From the tissues of the kidneys and the liver, histological sections were made to confirm the hematological and biochemical data. For all extracts, histological sections of the organs of the treated rats showed no structural abnormality compared to the controls. Figure 5 shows liver histology of Cajanus cajan-treated rats (Figure 5(b)) and control rats (Figure 5(a)). The liver parenchyma of treated rats (Figure 5(b)) has a typical appearance as observed in control rats (Figure 5(a)). The hepatocytes (arrows) have a normal appearance and are arranged in cords separated by the sinusoids (S). The sinusoids flow into the centrilobular vein (V). Figure 6 shows the liver histology of rats treated with Cajanus cajan (Figure 6(b)) and control rats (Figure 6(a)).
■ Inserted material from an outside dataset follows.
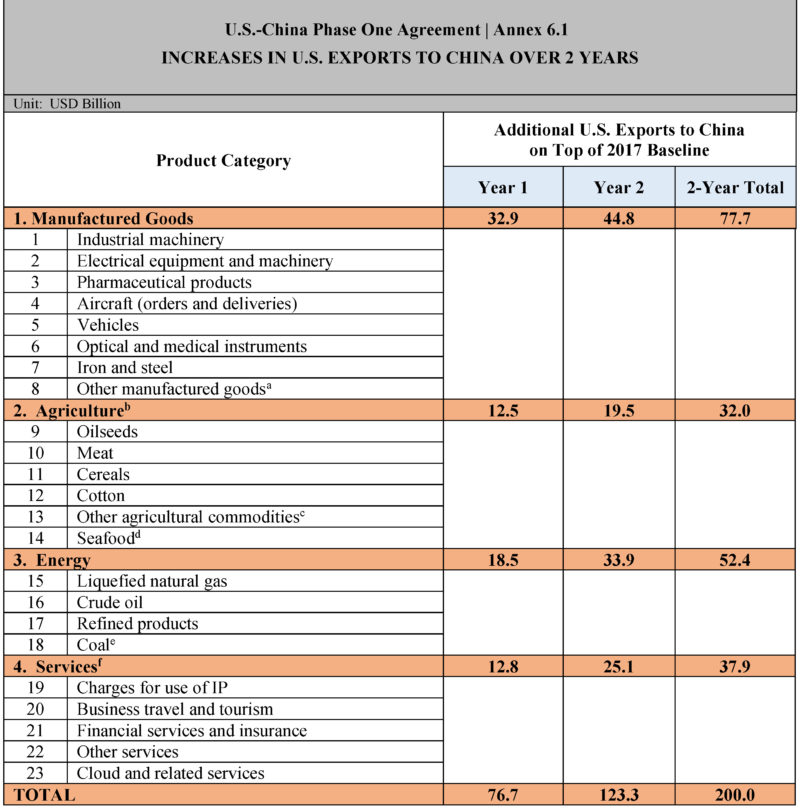 U.S.-China Phase One Agreement: The List, Please

The renal parenchyma of treated rats (Figure 6(b)) has the typical architecture observed in control rats (Figure 6(a)). The glomeruli (G), the proximal tubes (TP), the distal tubes (TD), and the collecting ducts (CC) are clearly identifiable. The extract therefore has no effect on renal structures. The same result was observed for all extracts.

(a)

(b)

(a)

(b)

3.1.2. Heavy Metals Content of the Extracts

Table 5 shows the heavy metal content of the extracts (mg/mg) and the standard tolerated values (mg/mg) by the WHO and the FDA (Food and Drug Administration) [10]. For each chemical element, the best wavelength was chosen. This is Al396.153; Cd228.802; Cr205.56; Cu 327,393; Fe238.204; Pb₂20.353; Zn213.857; Se196.026; As188.979; Mn257.610.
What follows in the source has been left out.